■ **Data for this task**:
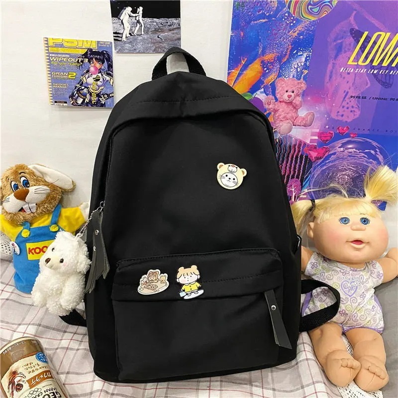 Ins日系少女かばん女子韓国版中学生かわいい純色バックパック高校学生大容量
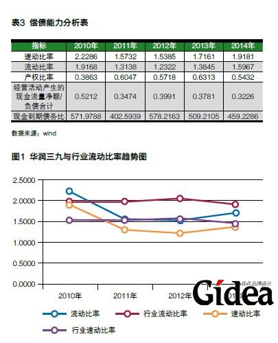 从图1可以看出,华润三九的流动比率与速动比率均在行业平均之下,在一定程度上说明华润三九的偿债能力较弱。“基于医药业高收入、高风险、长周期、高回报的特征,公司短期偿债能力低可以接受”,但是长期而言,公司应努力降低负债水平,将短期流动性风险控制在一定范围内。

* * *

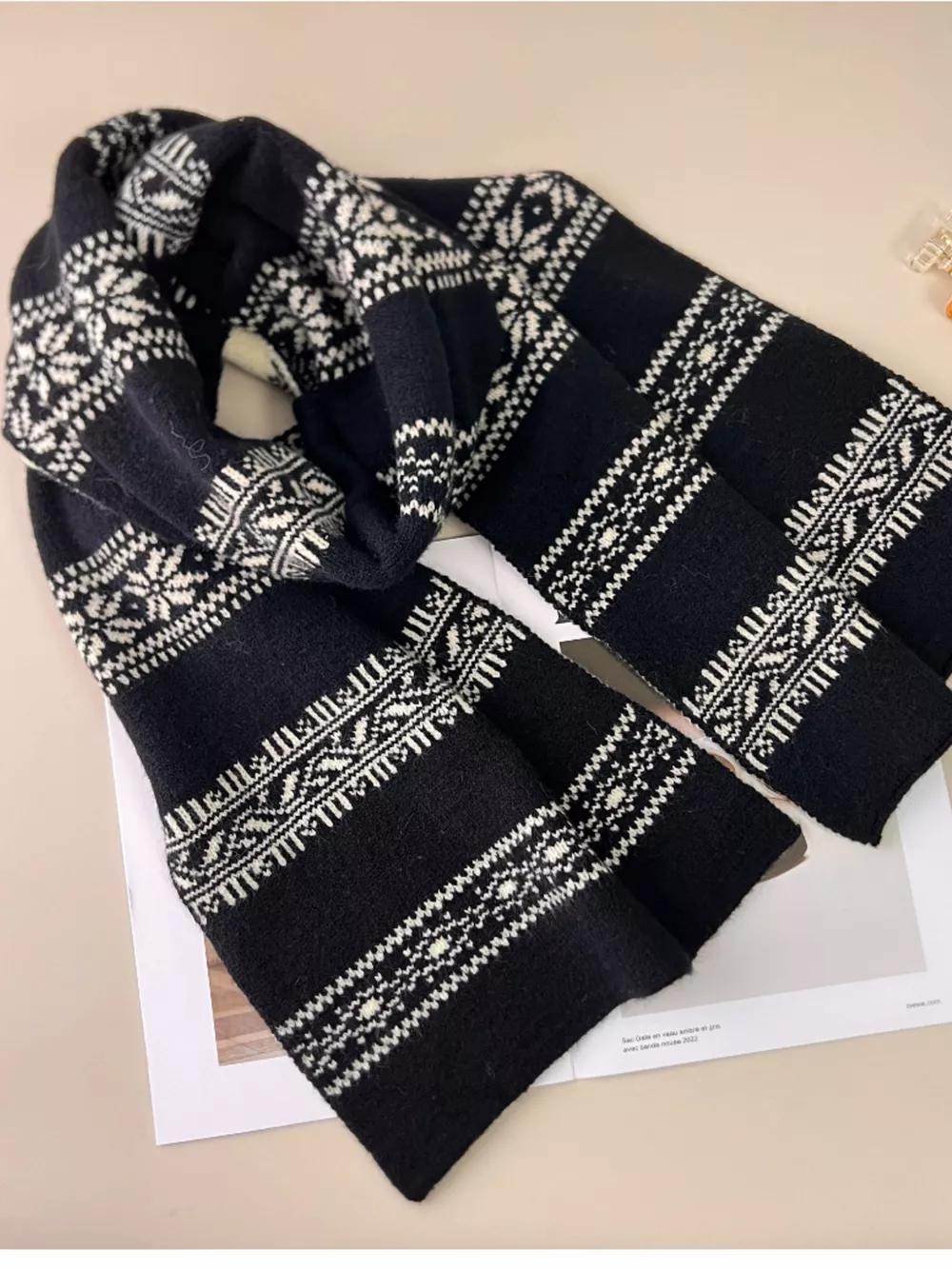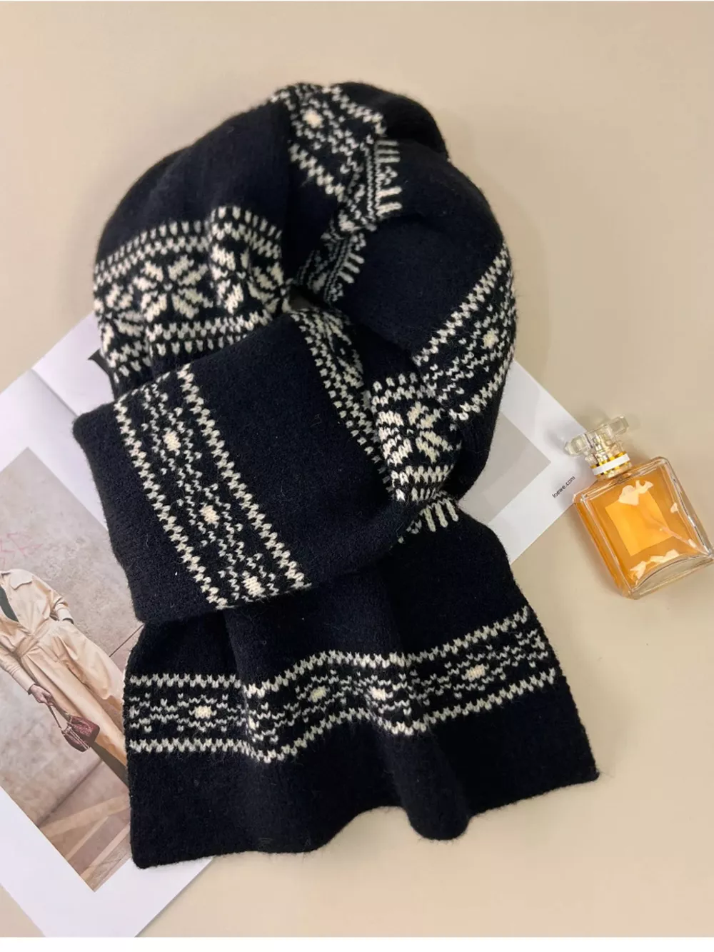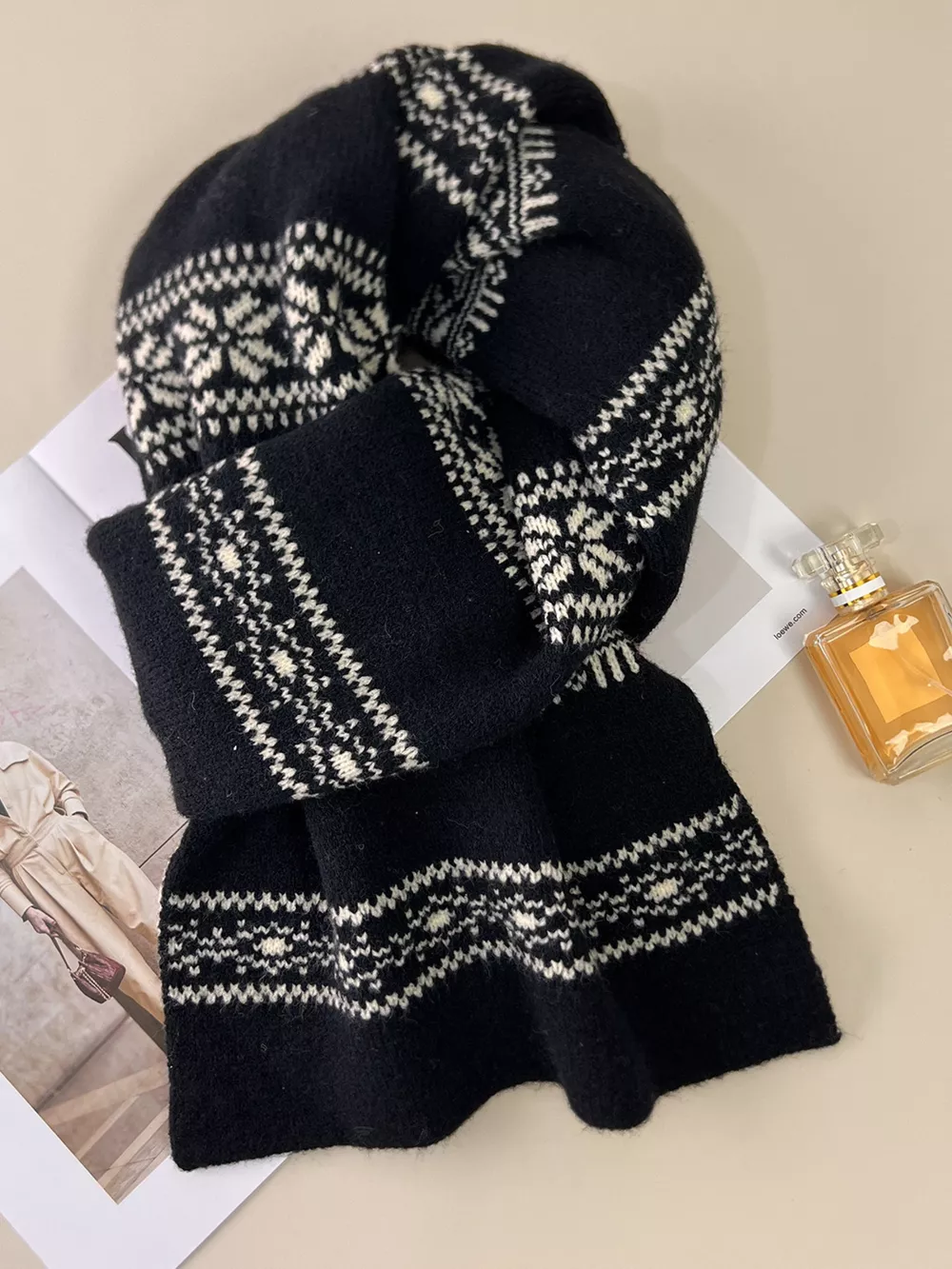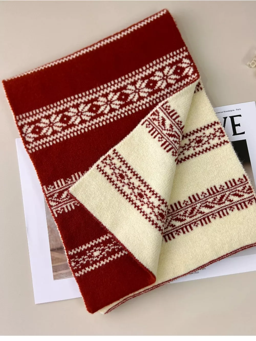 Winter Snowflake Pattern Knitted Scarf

■ **Problem to solve**: Restate word for word the lines of the data above that begin at the line with "Ins日系少女かばん女子韓国版中学生かわいい純色バックパック高校学生大容量" and end at the line with "从图1可以看出,华润三九的流", keeping both ends and dropping every picture.

■ **The completed task**:
 Ins日系少女かばん女子韓国版中学生かわいい純色バックパック高校学生大容量
 从图1可以看出,华润三九的流动比率与速动比率均在行业平均之下,在一定程度上说明华润三九的偿债能力较弱。“基于医药业高收入、高风险、长周期、高回报的特征,公司短期偿债能力低可以接受”,但是长期而言,公司应努力降低负债水平,将短期流动性风险控制在一定范围内。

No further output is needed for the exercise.